Оставила Фенька место, и наняли мы комнату в слободке. Стала белье стирать. Не хотела, чтобы я один для нее старался… Жалела. И никакой в ей корысти не было… Не льстилась на деньги… И жили мы душа в душу так два года… Заботливая обо мне была - придешь, бывало, с конверта или из караула - точно в раю… И щекотливая была… Не любила, если я приревную… "Ты, говорит, верь моей совести… Не думай, какая прежде я была… Я, говорит, в рассудок пришла. Что было - было. Лучше и не вспоминать. И самой стыдно… И помни: станешь ты мне чужой - скажу. Обидно тебе будет, а правды не скрою…" А я верю Феньке и в полном доверии и изо всех сил стараюсь, чтобы ей было хорошо… Чем-нибудь потешишь. Одно слово, при ей вроде крепостного… И чем дольше, тем сильнее моя приверженность… И опять в закон прошу…

"Подожди", - говорит…

Обнадеживаю я себя и счастью своему краю не знаю. Только будто обидно, что бог ребенка не дает. Так прошло два года. И стал я замечать, что Фенька нет-нет да и заскучит. И приду, бывало, с конверта - я обсказываю, что было, - она уж не в охотку слушает. Обнимешь - она чаще отстранять стала. И страшно сделалось. Думаю - не та Фенька и обо мне не заботливая… Подозревать стал - мука одна. Молчу - скрываю; только приду и сердце свое срываю. То куда ходила, то отчего есть не приготовлено, то отчего без дела сидишь. Жду - лаской ответит, простит грубость, догадается, отчего сердце кипит во мне, а она мне: "Ты что с попреками… Я не жена, слава богу… Я сама по себе…" Обвязала голову платком, да и ушла… Вернулась, и глаза заплаканы.
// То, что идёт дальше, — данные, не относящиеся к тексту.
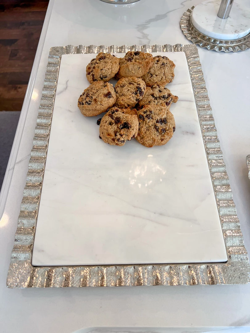 Description: This large beautiful marble tray features beautiful rippled edges. Use it to style your decor or your coffee station elegantly!

А я сам не свой… В полной расстройке души. Кажется, кожу с себя готов снять, и меня же вроде быдто подлеца поняла… Чтобы попрекать? За что?

- А ты, Волк, оттаскал бы Феньку за косу. Нешто нельзя сказать бабе, чтобы сполняла свое дело?.. - возбужденно проговорил Бычков.

- Феньку да за косу?.. И какой ты, матрос, дурак! Сам-то только и понимаешь, когда тебя по уху…

- Так ты что же?.. Сам же и виниться стал перед ей?..

- То-то и повинился. И со всей покорностью, глупая башка. Без Феньки мне жизнь - что вроде могилы. Пойми ты, ежели в тебе настоящая душа… Ведь приверженность не сапоги. Снял, и шабаш!..

- Ну, ладно… Обсказывай!.. Тоже и ты, я скажу, чудной!..

- Замирились… Простила… И после говорит: "Незадачливая я… Только тебя мучаю и себя расстраиваю… Ты обо мне лучше полагаешь, чем я есть… Бедный ты мой, бедный Волк!.. Видно, не умею я ценить твою ко мне любовь… Обиженная от бога природой!.." Так прошел месяц… Я, дурак, опять успокоился… Вижу, не брезгает мною… А что-то в ей беспокойное - дума какая-то… Не объясняет… А уж прежней ласковой и веселой Феньки нет… То скучная, то вдруг приникнет ко мне и приласкает… И я рад… Думаю: обойдется… И как-то раз говорит: "Уеду от тебя, Волк, в отлучку на несколько дней… К сродственникам, в Симферополь хочу…" Попрощались. Уехала… Обещала дать весточку, как вдруг через два дня отписала: "Не жди меня больше, Волк. За все добро и приверженность много благодарна. Но нет во мне прежней любви… Прости, если виновата, за зло и не поминай бесталанную Феньку…"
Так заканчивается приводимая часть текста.